1) What is the impact of DCEST on students’ oral English proficiency? 

2) What do students think of the test and the usefulness of the test feedback? 

3) What kind of impact will the feedback exert on students’ oral English learning? 

2. Method 

The Diagnostic College English Speaking Test (DCEST) is designed as a 15-minute face-to-face interview test 
for the purpose of identifying the strengths and weaknesses of students’ English speaking ability at the tertiary 
level in China, which involves three task types: reading aloud, individual presentation and information gap (Zhao 
2011). A checklist is designed for the examiner to record each test-takers’ performance with respect to 
pronunciation, intonation, grammatical accuracy, grammatical complexity, vocabulary accuracy, vocabulary 
range, fluency, communicative strategy, coherence, discourse size. In addition to the report of a five-level 
composite grade to each test-taker, individualized feedback is provided detailing students’ strengths and 
weaknesses. 

As part of the a posteriori validation of the DCEST, a case study was conducted with 28 sophomore students 
from a national key university in China engaged in seven sets of DCEST tests from April to June in 2008. Apart 
from the student participants, one college English teacher and two doctoral students of applied linguistics were 
invited to help with data collection and analysis. A variety of instruments were employed for the purpose of 
obtaining various types of information to validate the consequential validity of the DCEST (see Table 1). To 
explore the impact of diagnostic feedback on students’ oral English learning, both the control group and the 
experiment group took the same tests (DCEST 1 and DCEST 7) at the beginning and the end of the main study, 
and the experiment group took another five tests (DCEST 2 to DCEST 6) during the two-month experiment 
period. Students’ evaluation of the usefulness of the DCEST feedback was gathered through the student 
questionnaire of feedback evaluation (SQFE) survey and the student and the teacher interviews at the end of the 
main study. The SQFE was composed of 14 questions which were divided into two sections: an evaluation of the 
overall usefulness of the feedback and an evaluation of each parameter used to report the profile scores.
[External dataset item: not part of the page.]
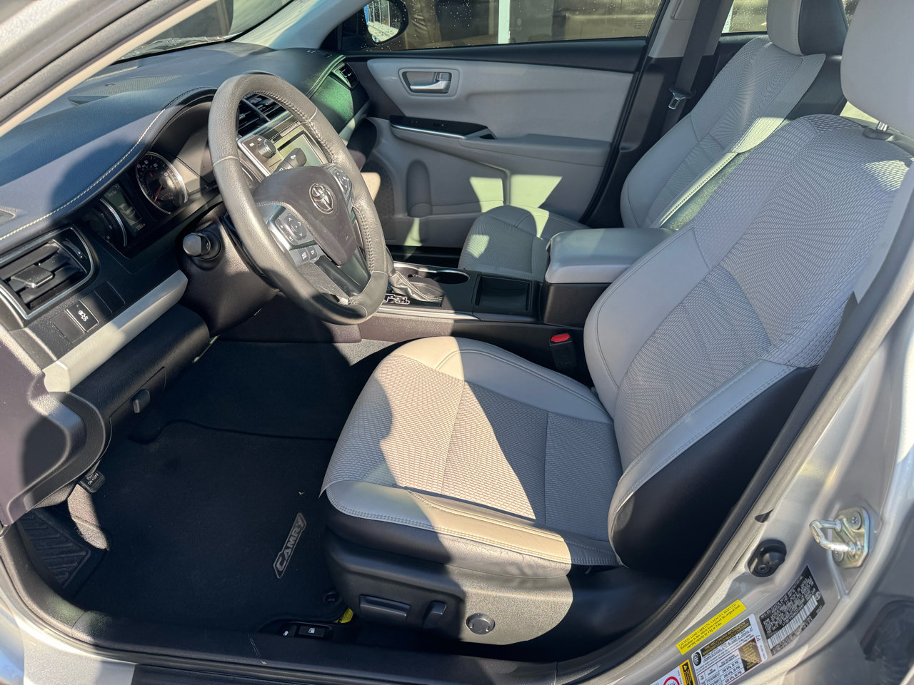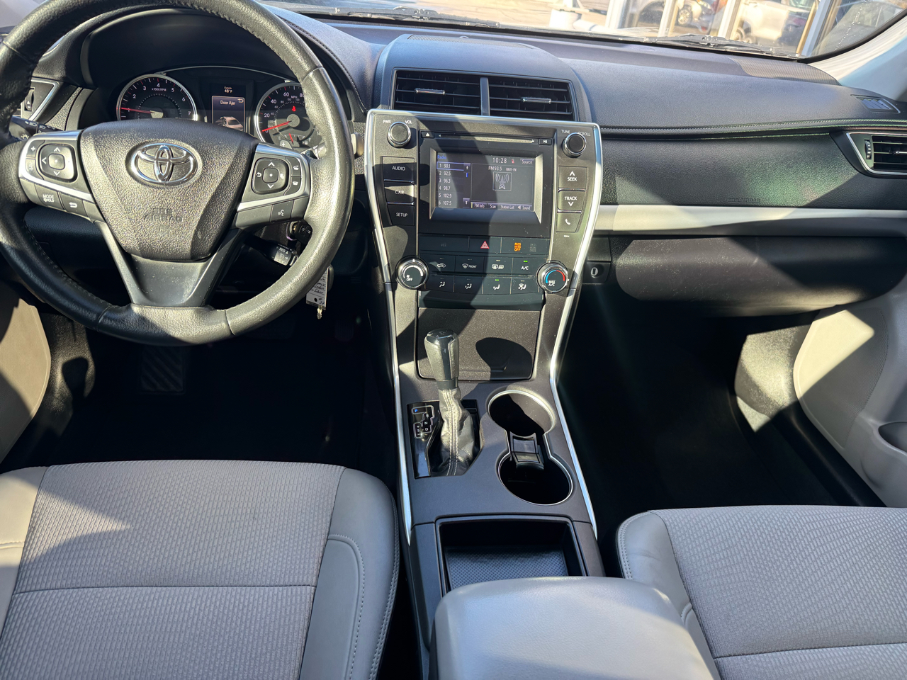 Priced below KBB Fair Purchase Price! 2017 Toyota FWD Camry SE 6-Speed Automatic Silver Odometer is 13045 miles below market average! Cloth.Cloth, 4-Wheel Disc Brakes, 6 Speakers, 7.0J x 17" Alloy Wheels, ABS brakes, Air Conditioning, Alloy wheels, AM/FM radio, Brake assist, Bumpers: body-color, CD player, Delay-off headlights, Driver door bin, Driver vanity mirror, Dual front impact airbags, Dual front side impact airbags, Electronic Stability Control, Exterior Parking Camera Rear, Fabric Seat Trim, Four wheel independent suspension, Front anti-roll bar, Front Bucket Seats, Front Center Armrest, Front reading lights, Fully automatic headlights, Heated door mirrors, Illuminated entry, Knee airbag, Leather steering wheel, Low tire pressure warning, Occupant sensing airbag, Outside temperature display, Overhead airbag, Overhead console, Panic alarm, Passenger door bin, Passenger vanity mirror, Power door mirrors, Power driver seat, Power steering, Power windows, Radio: Entune Audio, Rear anti-roll bar, Rear seat center armrest, Rear side impact airbag, Rear window defroster, Remote keyless entry, Speed control, Speed-sensing steering, Split folding rear seat, Spoiler, Sport steering wheel, Steering wheel mounted audio controls, Tachometer, Telescoping steering wheel, Tilt steering wheel, Traction control, Trip computer, and Variably intermittent wipers.

All the 
questions were designed using the five-point Likert scale. Following the SQFE survey, the researcher conducted 
face-to-face interviews with eight students in the experiment group and their college English teacher. Altogether 
the raw data collected in the present study were 7 sets of test scores from DCEST, 28 questionnaires and 9 
interviews. 

Table 1. Research instruments for the validation study 


Research instruments 

Targeted user 

Purpose 

Pre-test (DCEST 1) 

EG and CG 

For measuring both the EG and CG’s oral English 
proficiency at the beginning of the main study 

Scoring Sheet 

Research 

assistant 

For raters to assess test takers’ performance in DCEST 

Feedback Descriptors 

Researcher 

For the researcher to provide feedback reports to EG 

DCEST 2-6 

EG 

For diagnosing the oral English proficiency of EG 

Post-test (DCEST 1) 

EG and CG 

For measuring the EG and CG’s oral English proficiency 
at the end of the main study 

SQFE 

EG 

For collecting EG’s evaluation of the tests’ feedback 

SI 

EG 

For collecting EG’s comments on the usefulness of the 
tests’ feedback 

TI 

English teacher 

For collecting English teacher’s comments on the 
usefulness of the feedback 


Note: CG= control group, EG= experiment group, SQFE= student questionnaire of feedback evaluation, SI= 
student interview, TI= teacher interview. 

3. Results 

3.1 What is the Impact of DCEST on Students ’ Oral English Proficiency? 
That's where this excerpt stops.